Events and Incidents

Concepts

Instana detects three major types of events to help you manage the Quality of Service of your applications:

Issues
An Issue is an event that gets created if an entity gets unhealthy. They are detected by machine learning algorithms and health signatures built to detect various unhealthy situations, whether from degradations of service quality, to complex infrastructure issues, to disk saturation. 

Incidents
Incidents are the highest level of events. They are created when a discovered service is impacted, and they correlate all relevant events by leveraging the Dynamic Graph to provide context.

Changes A Change is an event representing anything from a server start/stop, a deployment, a configuration change on a system, you name it. Further separated into:

  • Changes - Changed configuration of components.
  • Offline/Online - Tracking presence of components under management. 

Issues

An Issue is an event that is triggered if something out of the ordinary happens.

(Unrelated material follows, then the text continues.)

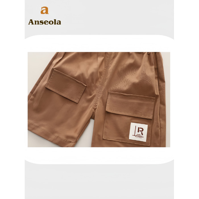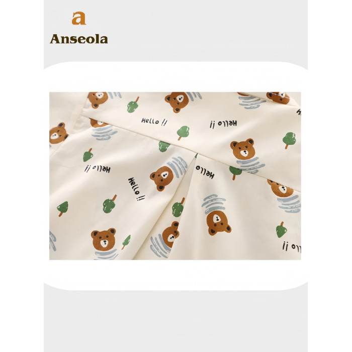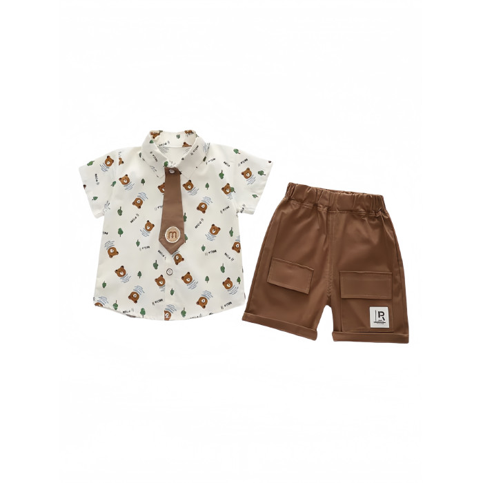 法國anseola夏季男童短款套裝兒童卡通小熊襯衫領帶短褲兩件套

Critical infrastructure issues, such as disk saturation and Elasticsearch cluster split brain situations, will trigger incidents because their end result is most likely data loss.

An example of an issue:

image2016 11 22 17 13 5

In this example, the CPU steal time on one Linux machine is suspicious and therefore marked as an issue. An issue by itself does not trigger an alert, Instana simply notes that it happened. Should the service to where this system is connected behave badly, this issue will be part of the incident. This methodology is one of the major benefits of Instana because it frees you from manually correlating events and performance problems. Just because something is using too much CPU for a while doesn’t mean there is a problem as such. Only when a service is impacted will this be relevant information. 

Instana records the time when an issue occurred for the first time and also when the condition ceased to exist (start and end time). In this case, you see that the CPU steal exceeded the 5% limit for only two and a half minutes (from 16:25:11 to 16:27:53). By clicking on the issue line, you will see the details on the right hand side of the screen. The drop in CPU steal is evident at around 16:27.

The “View Built-in Event” link brings you directly to the corresponding definition in the Events & Alerts settings for this issue. This helps to understand on which basis a particular issue has been created.

Notes:

  • Applications, services or endpoints which receive infrequent traffic (eg. one call every 15 minutes) are not considered to have a sufficient basis for our issue detection.

Incidents

Incidents help you understand situations impacting your edge services and critical infrastructure by automatically learning their behavior and health, and then sending alerts when they become unhealthy. Edge services are what customers or other systems outside the monitored application actually access; they are the external deliverables of the application.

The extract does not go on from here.